The REMS and wakefulness scored by the expert occur with widely differing frequencies (Fig. 1), which can pose non-trivial challenges when creating data-driven systems due to the tendency of systems to over-classify majority class (wakefulness) and misclassify infrequent class (REMS)39. In this case, accuracy may not reflect actual performance, especially for a class with low frequency (i.e., REMS). Therefore, the results of the classification were reported by three indicators of accuracy, sensitivity, and specificity in REMS detection, which are defined as follows:

$$Accuracy = \frac{TP + TN}{{TP + FP + TN + FN}}*100\%$$
$$Sensitivity = \frac{TP}{{TP + FN}}*100\%$$
$$Specificity = \frac{TN}{{TN + FP}}*100\%$$

In the equations above, true positives (TP) is the number of epochs correctly scored as REMS, false positives (FP) is the number of epochs incorrectly scored as REMS, true negatives (TN) is the number of epochs correctly rejected as REMS, and false negatives (FN) is the number of epochs incorrectly rejected as REMS. For each time bin of 4 s, measurements were individually computed and the outcomes were presented as mean ± SD.

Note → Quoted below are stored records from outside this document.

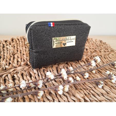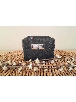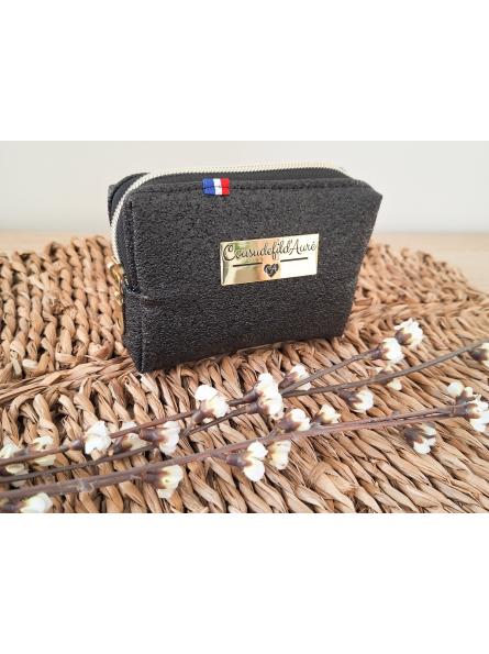 Porte-monnaie carré Noir granité / argent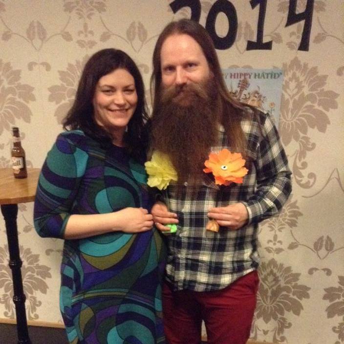 Also AW DH and I's picture from my orchestra's yearly party last night. They always have themes, this one was happy hippies. (At least, that's the best translation.) My friend taking the picture cut out what was said above the 2014 (*year party*), so, its not a new years photo. hehe.
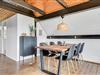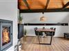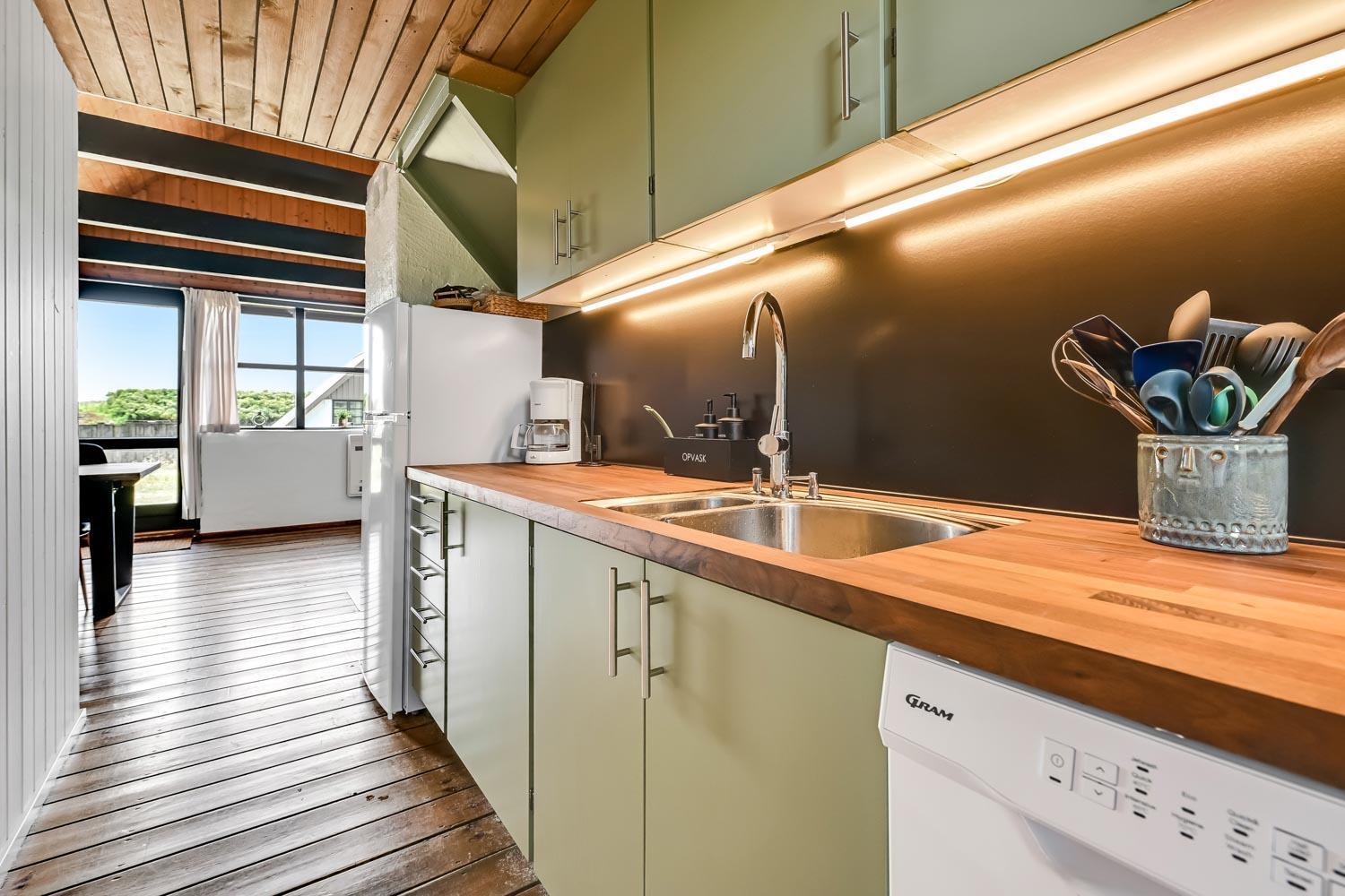 Rustikales Ferienhaus, 90 m2 mit 2 Schlafräumen: 5B. Schlafraum im 1. Stock mit 2B. 2 Einzellbetten über Eck im Raum im Erdgeschoss und 1 Einzelbett im Wohnraum. Das Haus ist sehr einfach eingerichtet; ein Wohnraum mit Polstermöbeln, TV mit dänischen und deutschen Programmen und einer Feuerstätte. Einfache Küchenecke mit E-Herd mit 4 Kochplatten und ein Kühlschrank mit kleinem Gefrierfach. Badezimmer mit Toilette, Dusche und Waschbecken. 2 Haustiere erlaubt. Nichtraucher-haus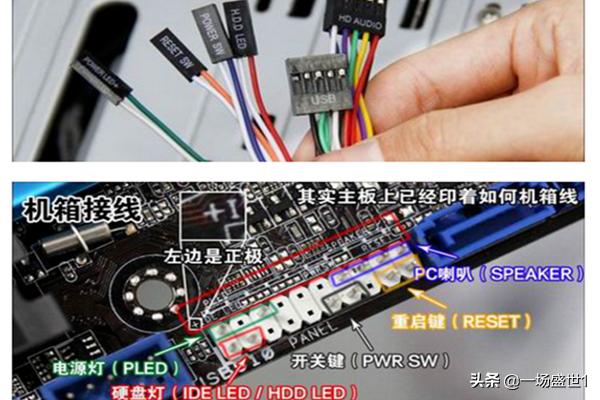 14、硬盘灯、电源灯、开机键、重启键 按照主板标示安装(彩色线正极,黑白线负极)

A ROC plot demonstrates our binary classifier system's diagnostic ability for individual recordings based on the TPR and FPR. To summarize the prediction performance of all 9 recordings, we used confusion matrix. Each row of the matrix represents the values in an actual class while each column represents the instances in a predicted class.

Statistical analysis

Statistical analysis was performed using GraphPad Prism version 9.1 for Windows (GraphPad Software, USA, https://www.graphpad.com/). The Mann–Whitney U test was used to compare two datasets (wakefulness and REMS) that were not normally distributed. In order to assess the correlation between the average power of each frequency band and the percentage of wakefulness and REMS, despite applying a z-score to normalize data, normalization was further tested through the Shapiro–Wilk test. Afterward, the Pearson correlation coefficient was assessed. In order to determine which frequency band plays a pivotal role, a one-sample Wilcoxon signed-rank test to compare FNR in REMS detection for the power of each frequency band was applied. The hypothetical median was set to 100. Type I error was set at 0.05 for all tests.